If anything has changed about my reading over the years, it is that I value the state a book puts me in more than I value the specific contents. Indeed, I often find that a novel, even a well-written and compelling novel, can become a blur to me soon after I've finished it. I recollect perfectly the feeling of reading it, the mood I occupied, but I am less sure about the narrative details. It is almost as if the book were, as Wittgenstein said of his propositions, a ladder to be climbed and then discarded after it has served its purpose.

No matter what the shape or construction of the ladder, the ideal state of arrival is always the same. Deeply familiar—like the background setting of certain dreams, like travel, like the body sensations of crying.

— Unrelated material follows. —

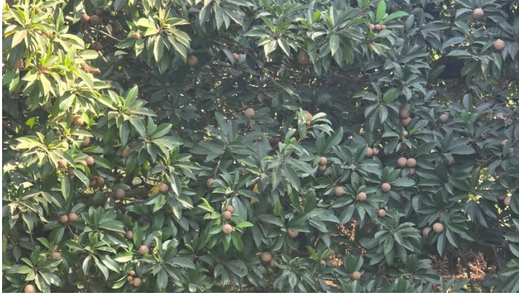
Chikoo Orchards in Gholwad

Chikoo Trail - Gholwad and the Bordi belt, known as Maharashtra's 'Chikoo Capital,' offered an immersive agro-tourism experience through guided Chikoo trails. Visitors explored the lush orchards lining the coastal landscape, witnessing firsthand the sustainable farming techniques practiced by local farmers. The trails provided an opportunity to taste fresh Chikoos and sample locally processed products such as Chikoo chips, pickles, and other delicacies, highlighting the region's deep connection to this fruit and its significance in the local economy.

I remember that "ideal state," and have been feeling the need to re-experience it. I wanted to once again climb the ladder into that state of exalted awareness and engagement that Birkerts describes. But it's been a while. The reading I have been doing recently — re-reading Birkerts being an exception — has too often felt like work, and unsatisfying work at that. I'd read, I'd put the book down, and I'd feel no tug to get back to it. But finally, last week, I pulled off the shelf a book that I bought a while ago after I had read about in several places. It's a book that a number of people in a position to know — Jane Smiley, Annie Proulx, and Brad Leithauser among them — consider to be one of the best books of the twentieth century. It's called Independent People, by the Icelandic author Halldor Laxness, and I've got to tell you, it's the real deal. It's got me back in the rhythm. I'll have more to say about why a little later on.